Boost logo

Boost :

Subject: [boost] [Endian] Review / Comments
From: Tim Blechmann (tim_at_[hidden])
Date: 2011-09-08 06:33:02


hi,

documentation
the documentation in general is pretty short, but sufficient: the concepts of
the library are easy, so there is no need to go into more details.
however i would prefer if the documentation uses quickbook/boostbook. most of
the recent boost libraries have a very similar layout of the documentation,
but the boost.endian docs do not follow these conventions.

also the docs for `conversion functions' and for `integer types' are separate.
personally i'd prefer if they could go into the same document, maybe having a
structure like: introduction, integer types, conversion functions, examples,
reference (preferably doxygen-generated).

section `experience': this section gives no insights for people who use or
read the code. it mainly tells: "we are not the first and the domain of the
library is important.". imo this section can be removed (maybe the part that
it is not related to any c library can go to the `design considerations'

section "motivating use cases": this is more a marketing blurb/testimonial.
maybe this could be changed to a section about possible use cases, listing
`communicating between different devices' and `reading/writing of binary file
formats'.

provided files
i suppose, the msvc project file will go away when the library is merged into
trunk. besides, i'd suggest to move "boost/endian/support/timer.hpp" to
"lib/endian/support", because it only seems to be used by the benchmarks.

testsuite
scoped_enum_emulation_test.cpp ... not related to boost.endian, please remove

endian_operations_test.cpp and endian_in_union_test.cpp ... maybe rename from
_test.cpp to _compile_test.cpp? they don't seem to do any run-time tests. they
also should not include <cassert> since no assertion statement is needed, this
might speed up the compilation time of the testsuite by something like 50ms ;)

conversion functions
personally, i find the interface for the conversion functions rather odd, as
they don't actually return a value, but take a reference to the return value.
so they cannot really be used in a functional style.

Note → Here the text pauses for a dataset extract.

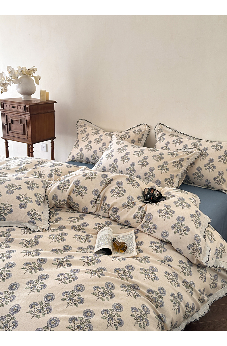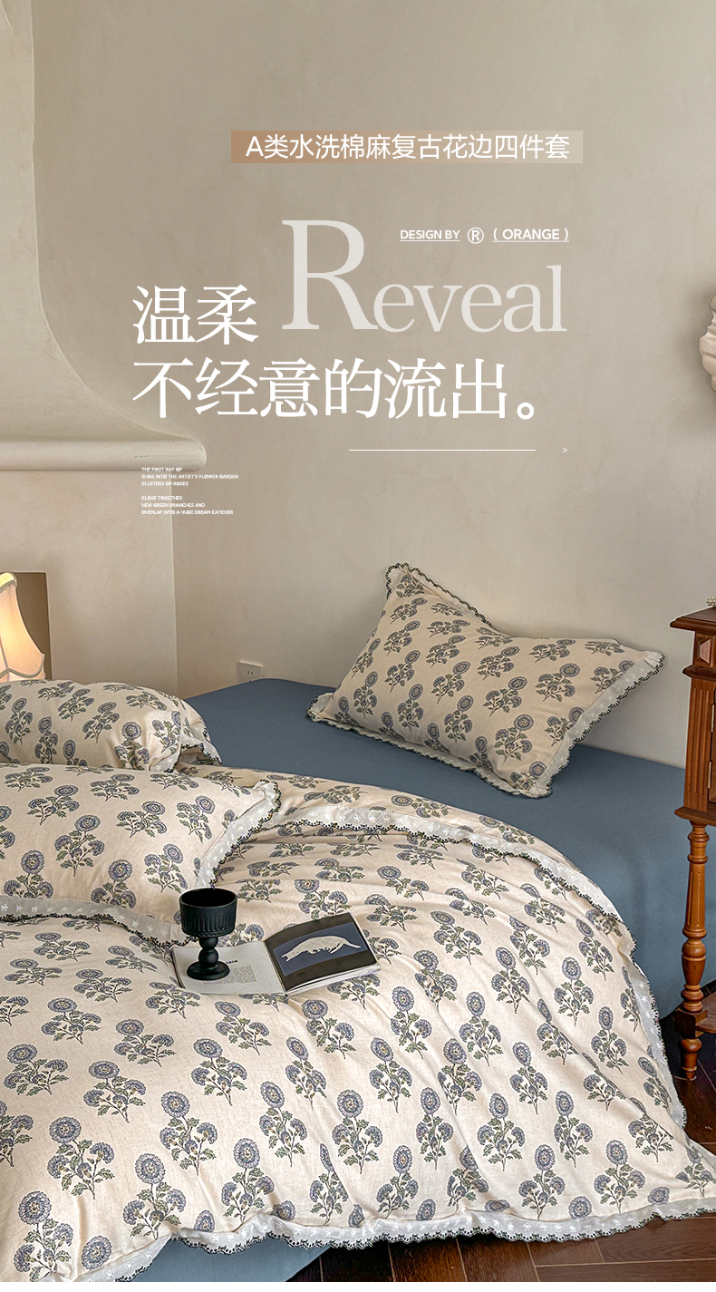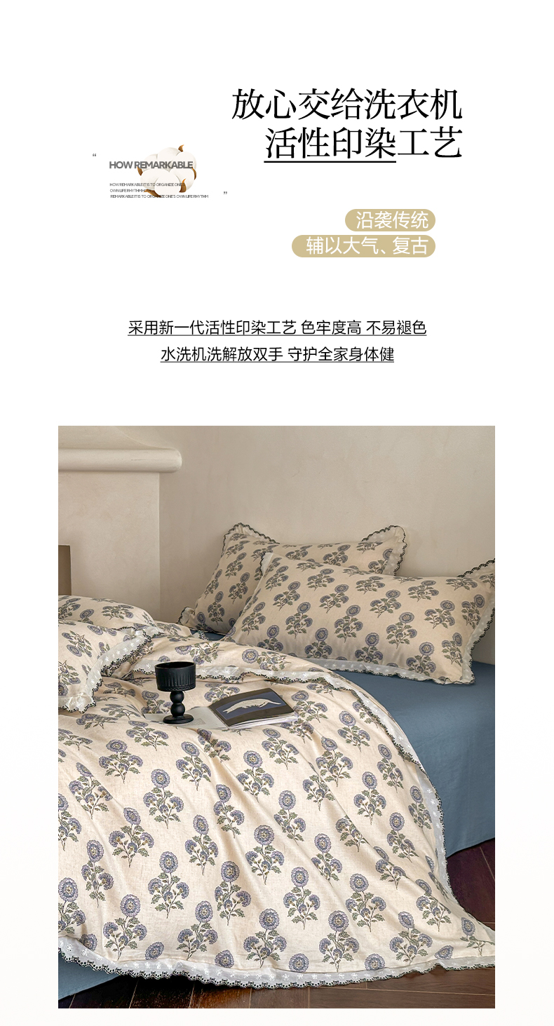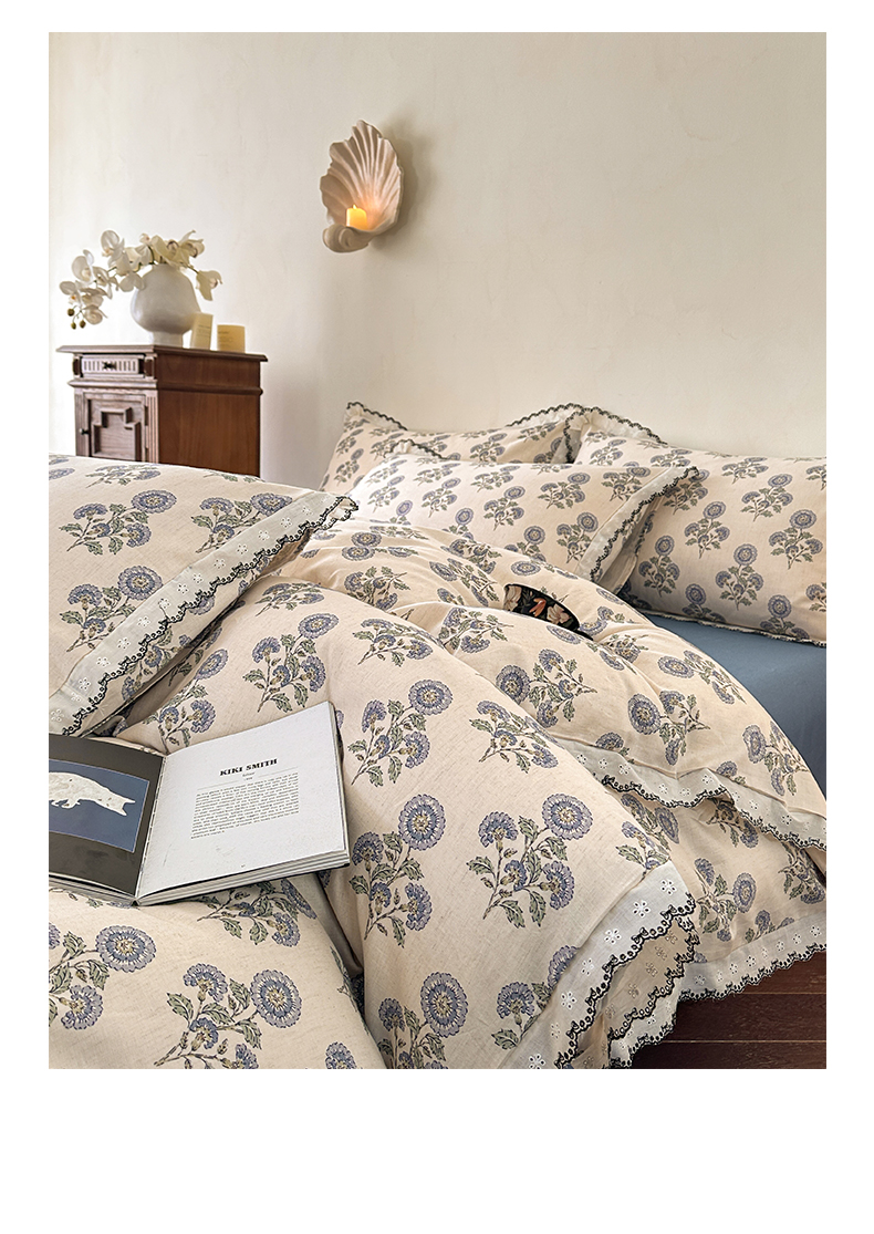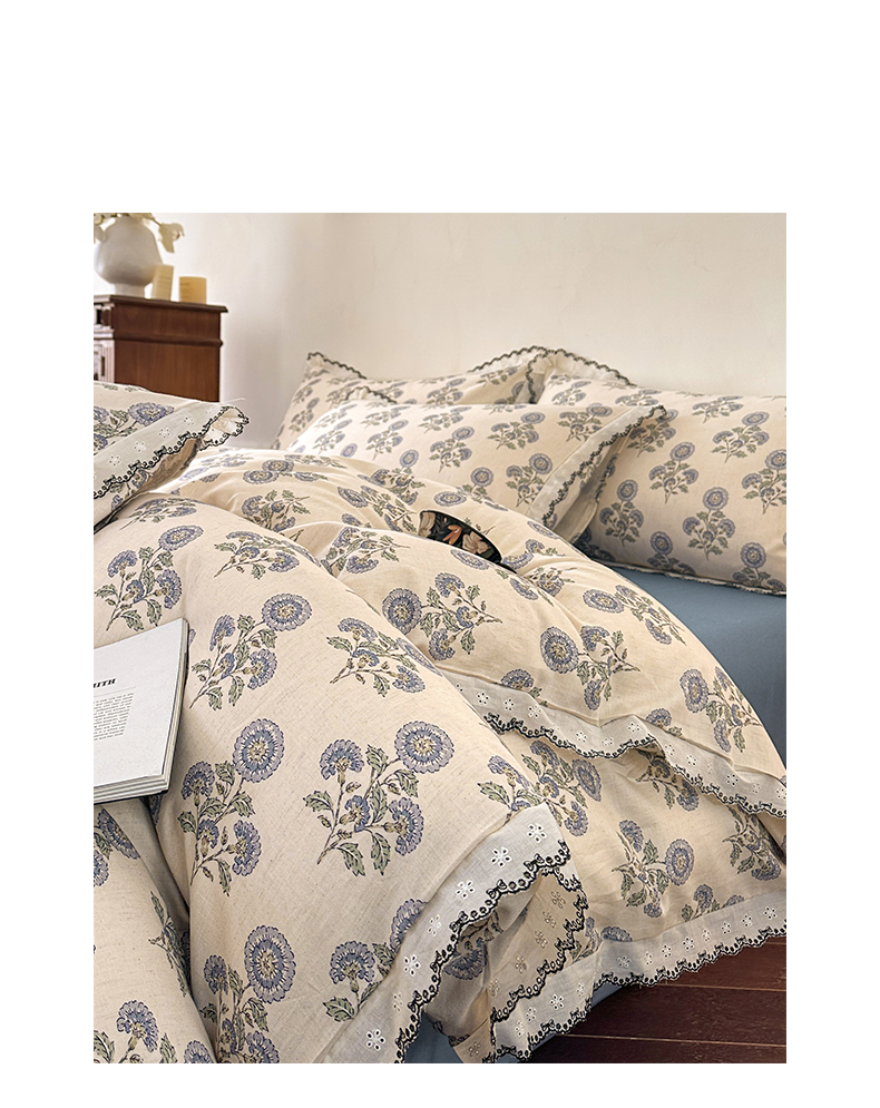 2026新款A类水洗棉麻复古花边麻棉四件套

if the reorder functions would have a signature like:
int16_t reorder(int16_t x);
it would be possible to use it as unary operator e.g. in with std::transform
and the like. this would also avoid the need for both in-place and out-of-
place functions.

iac, i don't see a reason for the in-place functions. for the reason, see
below.

performance considerations
the current implementation seems to perform horribly on x86_64 hardware. i ran
phil's nice benchmark program inside the `perf' profiler on my core i7 920
("g++-4.6 -O3 -std=gnu++0x -march=native"), where the algorithm takes MUCH
more time than htonl, gcc's builtins or a mask/shift implementation.

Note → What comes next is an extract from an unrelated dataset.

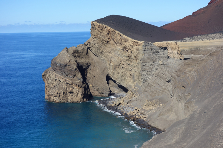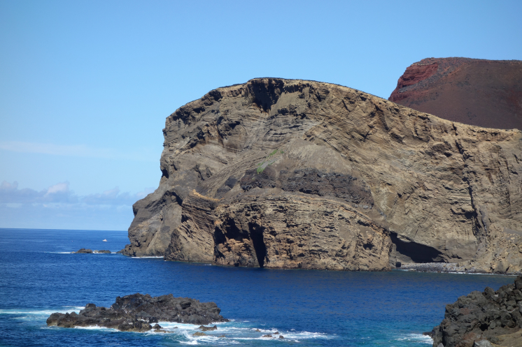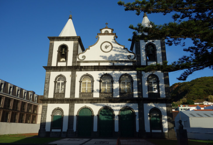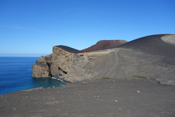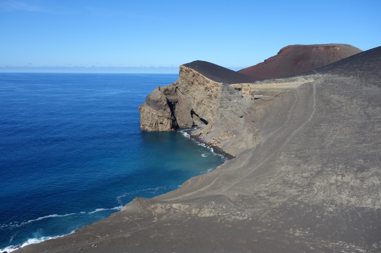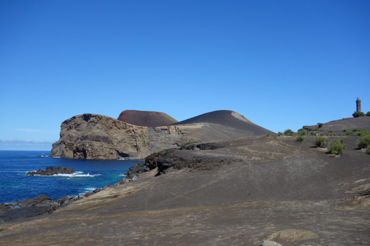 И вот мы приземлились на Файале. Первый приятный момент: группа 11 человек, большой автобус. Сразу поехали смотреть на «самую молодую землю Европы»: в 1957 году у берега острова начал извергаться подводный вулкан Капелиньюш. Раньше остров заканчивался там, где стоит маяк, а рядом был поселок и порт. Но в результате серии извержений поселок засыпало выше крыш, маяк до уровня второго этажа, а остров существенно увеличил свою площадь. Впрочем, ветер и волны постепенно уменьшают эту добавочную площадь. Хорошо, что извержение длилось несколько месяцев и все эвакуировались. Нам повезло: была безветренная погода, потому вход в исследовательский центр вулканической деятельности не был засыпан пеплом (в ветреные дни доступа в центр нет). Не то, чтобы это было незабываемо интересно, но мы поднялись на башню бывшего маяка, откуда открывался замечательный вид на окрестности, в том числе и на «самую молодую землю». Хотя 10 евро посещение этого центра явно не стоит.

the main reason seems to be a huge amount of byte-wise load/stores, which lead
to a huge number of stalls. a mask/shift implementation will be computed
completely in registers, making use of instruction-level parallelism on out-
of-order cpus and requiring less memory transfers.

as a side effect, boost.endian will compose much better, when using the
reorder functions on values, which are already in registers, or which need to
be placed in registers later in the algorithm.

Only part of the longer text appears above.